* Input
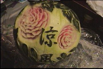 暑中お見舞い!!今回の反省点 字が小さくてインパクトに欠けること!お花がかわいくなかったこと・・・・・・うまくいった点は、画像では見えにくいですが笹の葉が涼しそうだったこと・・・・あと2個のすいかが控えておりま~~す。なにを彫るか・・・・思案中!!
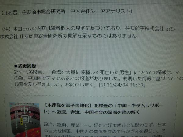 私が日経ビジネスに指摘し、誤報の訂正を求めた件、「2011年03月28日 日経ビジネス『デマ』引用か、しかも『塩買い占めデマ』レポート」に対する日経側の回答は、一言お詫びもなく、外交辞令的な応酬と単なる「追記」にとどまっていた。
--
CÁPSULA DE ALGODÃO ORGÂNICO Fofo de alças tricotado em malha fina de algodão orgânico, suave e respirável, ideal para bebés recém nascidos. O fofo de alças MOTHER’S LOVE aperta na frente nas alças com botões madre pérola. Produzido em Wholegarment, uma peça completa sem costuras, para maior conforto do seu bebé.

* Exercise prompt
The stretch above running from the line with "暑中お見舞い!!今回の反省点" through the line with "私が日経ビジネスに指摘し、誤" is all you should copy, exactly, leaving out the pictures.

* Response for this exercise
 暑中お見舞い!!今回の反省点 字が小さくてインパクトに欠けること!お花がかわいくなかったこと・・・・・・うまくいった点は、画像では見えにくいですが笹の葉が涼しそうだったこと・・・・あと2個のすいかが控えておりま~~す。なにを彫るか・・・・思案中!!
 私が日経ビジネスに指摘し、誤報の訂正を求めた件、「2011年03月28日 日経ビジネス『デマ』引用か、しかも『塩買い占めデマ』レポート」に対する日経側の回答は、一言お詫びもなく、外交辞令的な応酬と単なる「追記」にとどまっていた。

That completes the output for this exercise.